Keywords: Nutritive value, P. maximum, preservation, tropical grass
Panicum maximum (Guinea grass) is indigenous to subtropical areas of southern Africa. It is tolerant of shade and fire and produces high yields of palatable fodder during the warm season, but the nutritive value declines rapidly with increasing stages of maturity (Aganga & Tshwenyane, 2004). The removal of surplus forage (for silage) will ensure a succession of high quality regrowth for grazing and can be used to prepare an area for the production of foggage (De Figueiredo, 2000). The silage could supply quality roughages during late winter and early spring periods when the pasture is low in nutritive value, but high in dry matter (DM) concentration (Rethman, 1983; Tainton, 2000). Silage has several advantages over hay for the conservation of fodder. It does, however, require a good microbial fermentation process to produce a good quality fodder. For tropical grass species, desirable anaerobic fermentation might not take place to ensure a high level of lactic acid production with a low pH as well as low acetic acid and ammonia nitrogen (NH3-N) concentrations (Catchpoole & Henzell, 1971; Sujatha et al., 1986; Imura et al., 2001). This is because tropical grass species generally have a higher buffering capacity (BC) and/or lower water soluble carbohydrate (WSC) levels to support growth and multiplication of lactic acid fermenting bacteria than ideal silage crops. The actual economic value of silage is, however, dependent on the type, extent and level of fermentation and the fermentation end products of the silage. All of these are influenced by the type and quality of the forage crop as well as harvesting and ensiling techniques, which subsequently determine the preservation process, nutritive value and voluntary feed intake by the animal (Wilkins et al., 1971; Demarquilly, 1973). The end products of silage fermentation are often monitored to assess silage quality. This paper reports the influence of growth stages at harvest on the fermentation process of Panicum maximum silage ensiled either directly or wilted prior to the ensiling process.
Materials and Methods
The study was conducted at Potchefstroom Agricultural College, North West Province, South Africa (altitude 1338 m above sea level, 26º42'13.07" S and 27º0.5'52.88" E). The area is an exclusive summer rainfall area with dry autumns and winters. The top soil had a pH (in water) of 6.7 ± 0.26, a pH (in KCl) of 5.7 ± 0.19, and contained P at 60 ± 27.5 mg/kg, K at 53 ± 12.1 mg/kg, Ca at 494 ± 34.1 mg/kg, Mg at 359 ± 45.1 mg/kg and Na at 14 ± 2.8 mg/kg.

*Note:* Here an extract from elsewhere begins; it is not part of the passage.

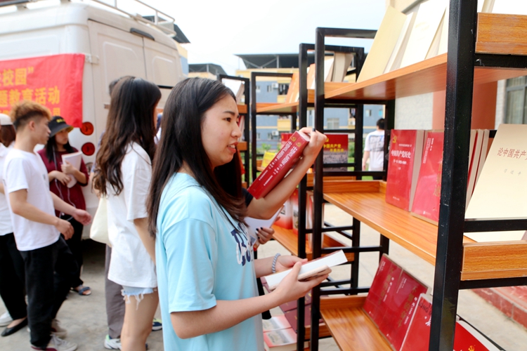 啟動儀式結(jié)束,平果市新華書店有限公司還在圖文信息大樓前展出紅色讀物,吸引了眾多老師和同學(xué)前來參觀。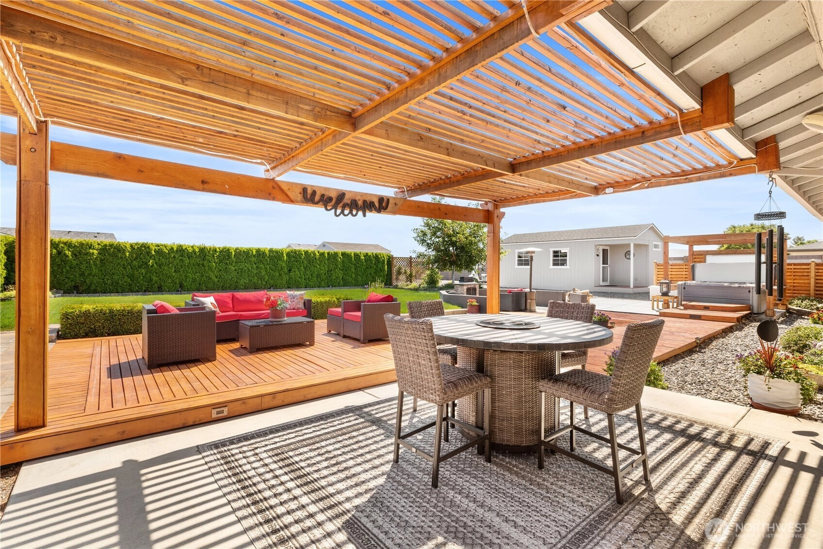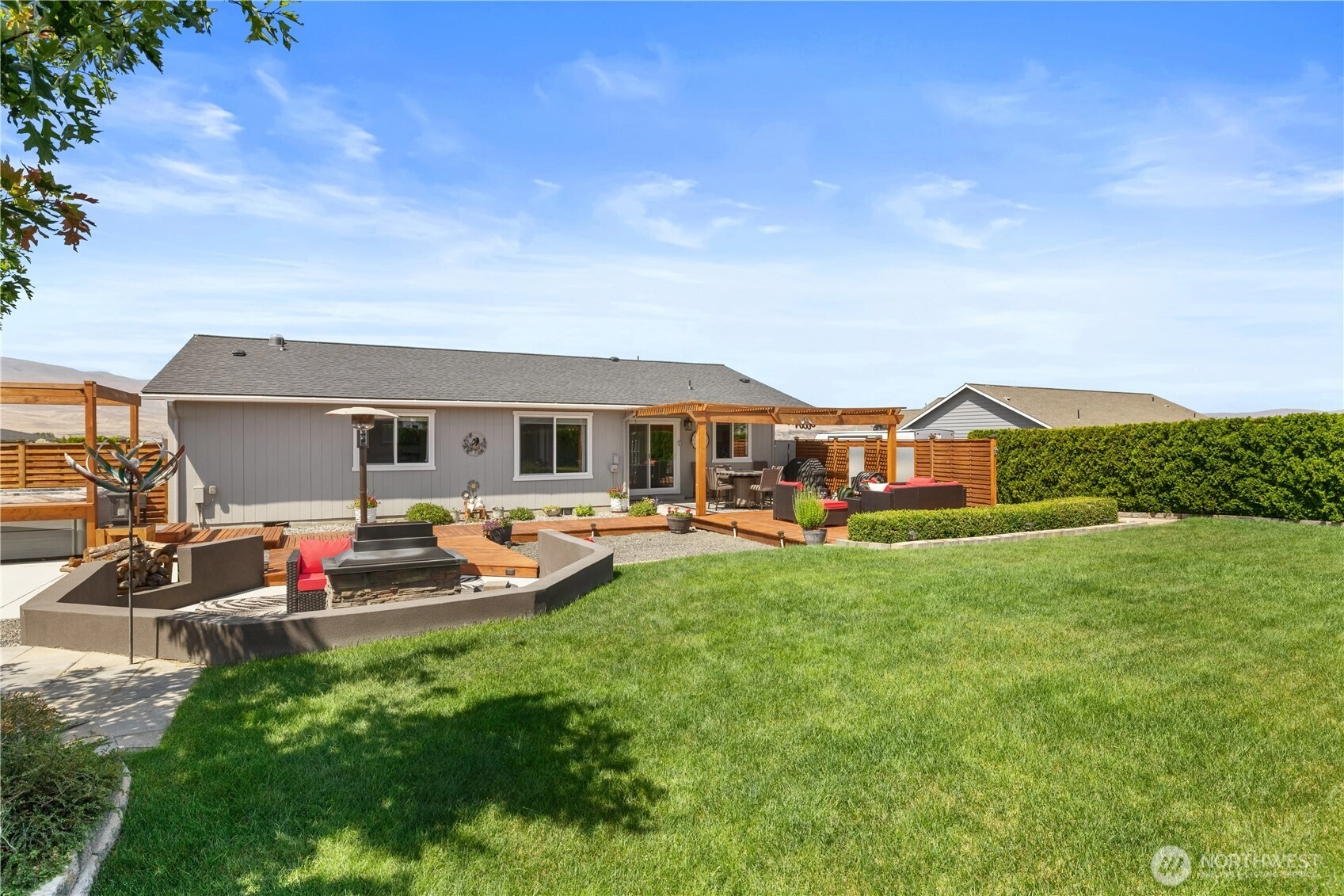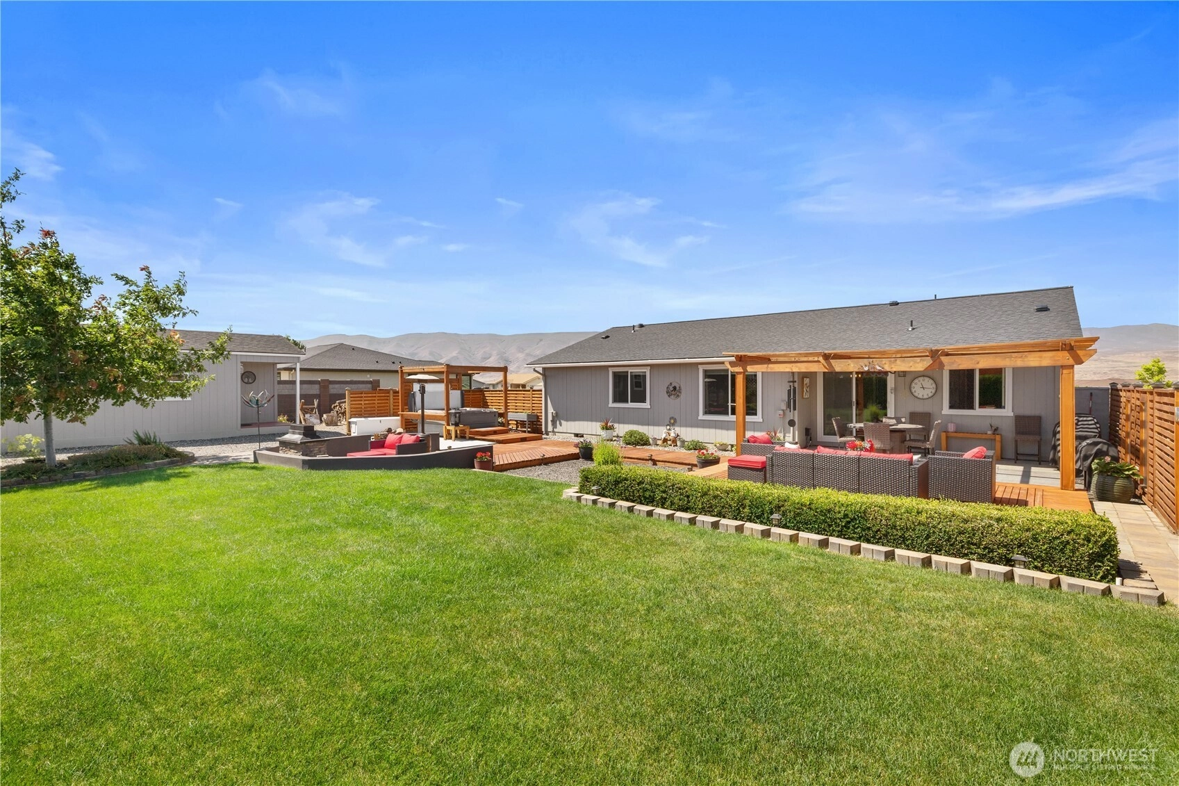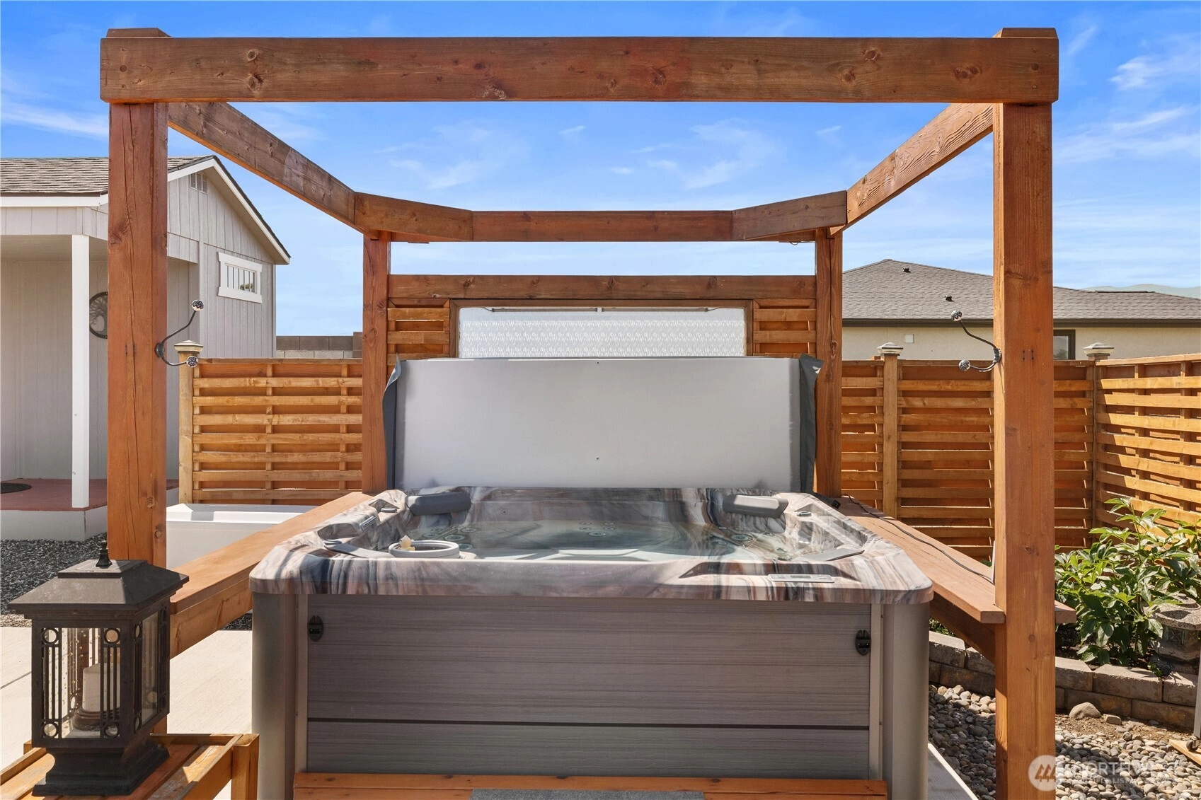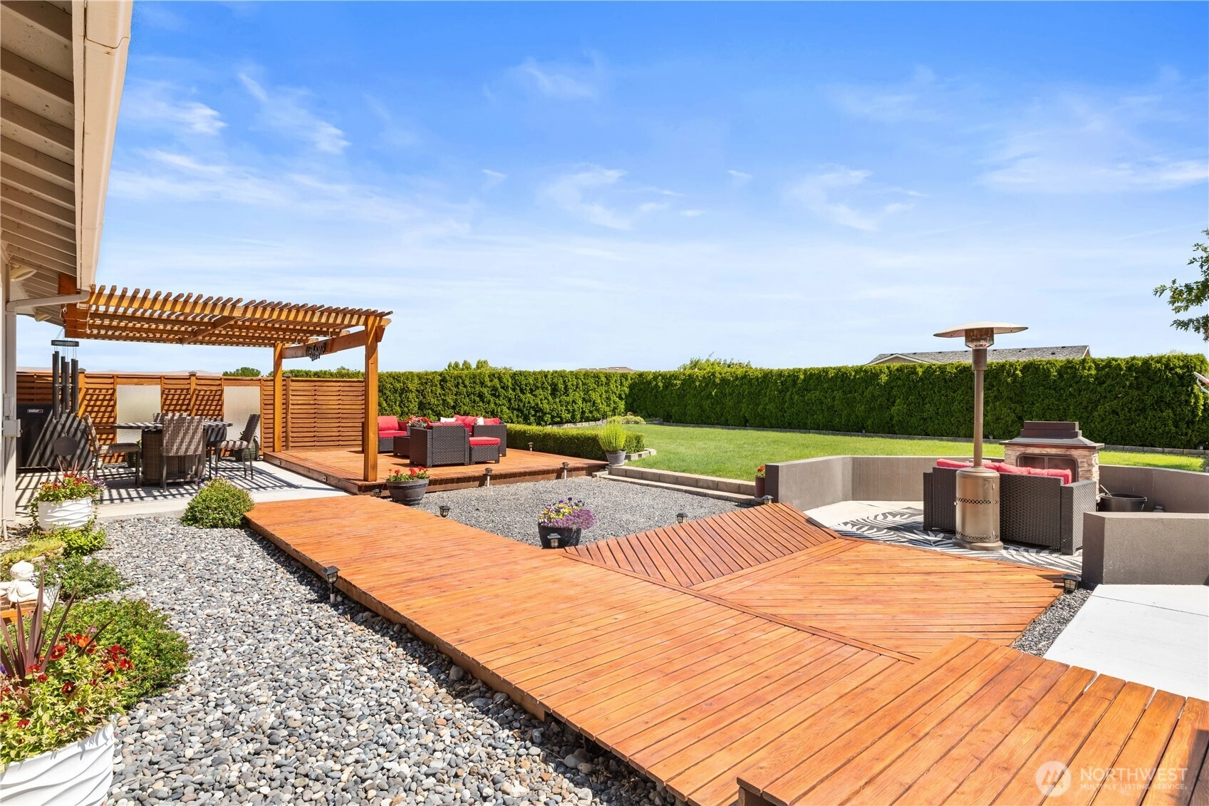 Live where every day feels like a getaway! This updated 3-bed, 2-bath home in Desert Aire is set on a spacious .50 lot with breathtaking views of the golf course, mountains, and Columbia River. Inside, the open-concept layout features vaulted ceilings, stylish flooring, and a modern kitchen. The primary suite offers a walk-in closet and private bath for your comfort. Step outside to a fully fenced backyard oasis—complete with expansive decking, multiple seating areas, a hot tub, privacy fencing, garden beds, RV parking & hookups, and several outbuildings. Enjoy access to community amenities including a boat launch, airfield, clubhouse, golf course, parks, community pool & trails. Ideal as a full-time home or a relaxing vacation retreat!

Panicum maximum cv. Gatton was established in February on a 0.8 ha area under irrigation. During August at the end of the first winter, the pasture was harvested and materials removed. During the subsequent growing season, the pasture was top dressed with 100 kg nitrogen (N)/ha [350 kg of lime ammonium nitrate (LAN)/ha] in October and with 50 kg N/ha in January. The pasture received 25 mm water weekly (rainfall and/or irrigation) during the growing season.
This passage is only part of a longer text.